The problem with this logic is that ordinary users don't become the target of a denial of service attack either. If it should exist at all, the default should be off. And if then no one would turn it on, it could just as well not exist.
Ordinary users become a target of DDoS way more often than you would think. These days it tends to be related to competitive multiplayer video games, but I'm sure there's still some IRC drama and small-time Minecraft hosting driving it.
In general it's extremely unlikely unless you are engaging in "high risk behavior," but at the scale of an ISP there are enough users doing that kind of thing (Twitch streaming, etc) that it becomes an appreciable frustration for your network operations.
> These days it tends to be related to competitive multiplayer video games, but I'm sure there's still some IRC drama and small-time Minecraft hosting driving it.
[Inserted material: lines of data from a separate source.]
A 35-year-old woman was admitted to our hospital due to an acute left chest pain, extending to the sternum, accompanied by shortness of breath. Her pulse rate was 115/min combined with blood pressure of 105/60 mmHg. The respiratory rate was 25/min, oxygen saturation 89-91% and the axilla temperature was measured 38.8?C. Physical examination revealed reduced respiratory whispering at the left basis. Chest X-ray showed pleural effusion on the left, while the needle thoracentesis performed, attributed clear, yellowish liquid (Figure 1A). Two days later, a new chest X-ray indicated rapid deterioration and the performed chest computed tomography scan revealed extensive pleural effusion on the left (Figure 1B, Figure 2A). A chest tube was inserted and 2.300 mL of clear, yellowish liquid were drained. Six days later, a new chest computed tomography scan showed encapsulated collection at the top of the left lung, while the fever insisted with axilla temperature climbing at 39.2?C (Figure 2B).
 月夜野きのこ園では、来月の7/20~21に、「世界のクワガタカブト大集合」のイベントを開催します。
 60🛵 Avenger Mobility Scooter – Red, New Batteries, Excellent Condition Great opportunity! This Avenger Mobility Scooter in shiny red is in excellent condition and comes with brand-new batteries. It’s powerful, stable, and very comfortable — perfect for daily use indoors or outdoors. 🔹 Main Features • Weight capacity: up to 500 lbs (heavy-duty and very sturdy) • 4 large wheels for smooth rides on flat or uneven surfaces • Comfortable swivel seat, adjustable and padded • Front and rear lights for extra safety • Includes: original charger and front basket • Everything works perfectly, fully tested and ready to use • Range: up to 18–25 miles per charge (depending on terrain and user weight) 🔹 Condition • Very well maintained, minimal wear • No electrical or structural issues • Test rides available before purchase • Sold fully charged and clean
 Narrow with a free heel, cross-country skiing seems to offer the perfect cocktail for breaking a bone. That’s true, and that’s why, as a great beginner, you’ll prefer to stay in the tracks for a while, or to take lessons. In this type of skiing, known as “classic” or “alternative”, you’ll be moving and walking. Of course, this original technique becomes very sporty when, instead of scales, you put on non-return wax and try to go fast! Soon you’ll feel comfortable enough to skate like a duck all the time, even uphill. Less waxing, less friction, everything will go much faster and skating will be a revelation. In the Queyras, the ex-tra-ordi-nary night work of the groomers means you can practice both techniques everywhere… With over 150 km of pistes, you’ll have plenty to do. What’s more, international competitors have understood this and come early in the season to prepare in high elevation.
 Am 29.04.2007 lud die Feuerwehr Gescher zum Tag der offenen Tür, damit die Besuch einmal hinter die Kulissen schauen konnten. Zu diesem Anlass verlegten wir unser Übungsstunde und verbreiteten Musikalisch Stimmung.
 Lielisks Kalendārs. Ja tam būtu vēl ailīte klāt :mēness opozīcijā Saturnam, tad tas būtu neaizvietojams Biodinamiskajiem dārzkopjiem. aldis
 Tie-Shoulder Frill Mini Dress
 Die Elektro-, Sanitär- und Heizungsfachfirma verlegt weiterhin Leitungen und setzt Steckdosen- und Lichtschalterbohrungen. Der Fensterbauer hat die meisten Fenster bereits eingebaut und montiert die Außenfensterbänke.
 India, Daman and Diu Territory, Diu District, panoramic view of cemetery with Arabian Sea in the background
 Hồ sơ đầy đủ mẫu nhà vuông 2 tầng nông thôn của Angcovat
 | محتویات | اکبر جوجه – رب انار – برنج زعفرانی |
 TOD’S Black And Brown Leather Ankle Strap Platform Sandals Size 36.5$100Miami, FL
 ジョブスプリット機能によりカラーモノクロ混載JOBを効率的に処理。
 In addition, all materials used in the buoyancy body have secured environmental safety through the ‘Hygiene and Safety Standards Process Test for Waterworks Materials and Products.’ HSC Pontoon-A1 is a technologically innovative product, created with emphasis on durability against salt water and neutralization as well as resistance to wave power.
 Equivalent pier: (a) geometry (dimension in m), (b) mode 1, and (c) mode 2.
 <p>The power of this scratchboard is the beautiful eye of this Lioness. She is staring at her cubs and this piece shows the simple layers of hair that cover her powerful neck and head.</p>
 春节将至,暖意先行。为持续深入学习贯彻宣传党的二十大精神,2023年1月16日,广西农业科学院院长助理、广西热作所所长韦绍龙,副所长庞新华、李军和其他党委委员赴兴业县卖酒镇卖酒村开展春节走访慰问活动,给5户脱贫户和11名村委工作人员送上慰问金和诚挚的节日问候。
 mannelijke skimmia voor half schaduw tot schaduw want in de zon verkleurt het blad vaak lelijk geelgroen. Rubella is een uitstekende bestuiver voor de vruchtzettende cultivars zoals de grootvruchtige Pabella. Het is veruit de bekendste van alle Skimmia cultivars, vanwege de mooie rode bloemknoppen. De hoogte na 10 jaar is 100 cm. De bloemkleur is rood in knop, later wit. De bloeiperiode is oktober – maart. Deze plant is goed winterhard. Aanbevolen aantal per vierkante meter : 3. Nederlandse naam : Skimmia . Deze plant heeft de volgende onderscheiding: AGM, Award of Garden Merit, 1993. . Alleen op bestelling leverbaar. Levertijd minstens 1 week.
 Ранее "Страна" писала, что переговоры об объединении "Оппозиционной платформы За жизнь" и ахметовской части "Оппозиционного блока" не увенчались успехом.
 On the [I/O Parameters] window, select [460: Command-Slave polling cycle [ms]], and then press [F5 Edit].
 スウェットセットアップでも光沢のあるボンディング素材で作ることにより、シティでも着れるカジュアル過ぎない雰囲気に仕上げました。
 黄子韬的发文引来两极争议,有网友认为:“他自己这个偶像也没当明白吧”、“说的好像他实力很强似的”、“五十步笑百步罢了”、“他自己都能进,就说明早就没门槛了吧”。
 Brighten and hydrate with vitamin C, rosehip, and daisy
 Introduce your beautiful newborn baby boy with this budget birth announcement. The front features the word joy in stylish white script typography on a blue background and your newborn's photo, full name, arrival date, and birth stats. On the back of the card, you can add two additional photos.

This sounds like the sort of thing with similar prevalence to things like running a Tor node. This might even be an example the other way, when your game server or what have you has thousands of peer connections and this thing breaks it by misinterprets that as a denial of service too.
I might be misunderstanding but doesn't the feature also help prevent home users' devices becoming part of a DDOS effort (high number of outbound connections)? There's stories here on HN about IoT devices and infected PCs/phones participating in DDOS on command. So I can see an argument that a home gateway device should try and help prevent participation by devices behind it.
In cases like that the correct answer is to detect weird behavior and call the customer on the phone to ask what's going on. If they say they know what it is because they're running Tor or hosting Ubuntu ISOs or playing P2P games or whatever, you don't have to do anything.
If they say they have no idea what you're talking about, you get to tell them they're infected, so they actually fix it instead of typing their bank password into the infected box the next week because you automatically removed the "huh, internet's slow" that might have led them to investigate it otherwise.
I like your idea and agree that implementing it would improve outcomes for customers. However, the ISP would be on the hook for additional customer support; it's a lot more involved to outfit your call center staff with playbooks for explaining exploited devices to an average customer than it is to toss in a semi-autonomous blocker. This does make things worse for "power users", but ISPs may have also found that said users are more willing to pay for special service agreements (a small business account for example).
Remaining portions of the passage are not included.